*PROBLEM DETAILS*.
Give back the whole listing verbatim, printing none of its pictures.
BEGIN DATASET SECTION
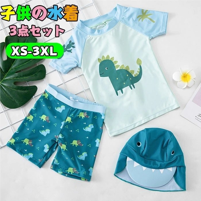 水着 子供 男の子 上下セット 水泳 スイムウェア 半袖ラッシュガード ショートパンツ 子供用 ジュニア 半袖 ラッシュガード スイムキャップ
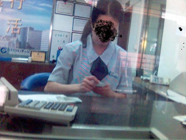 柜台那个戴眼镜的工作人员`没理他..只是在帮另两个人在办理业务...
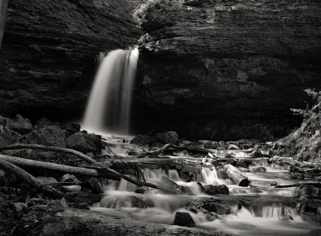 One particular spot isn’t far from my home. It’s only 11 miles away so it was one of the first places I discovered that I wanted to photograph. It is a waterfall tucked back into a bluff feeding into the Saint Croix River. I am a sucker for a good black and white waterfall photograph.
END DATASET SECTION
*RESPONSE BELOW*.
 水着 子供 男の子 上下セット 水泳 スイムウェア 半袖ラッシュガード ショートパンツ 子供用 ジュニア 半袖 ラッシュガード スイムキャップ
 柜台那个戴眼镜的工作人员`没理他..只是在帮另两个人在办理业务...
 One particular spot isn’t far from my home. It’s only 11 miles away so it was one of the first places I discovered that I wanted to photograph. It is a waterfall tucked back into a bluff feeding into the Saint Croix River. I am a sucker for a good black and white waterfall photograph.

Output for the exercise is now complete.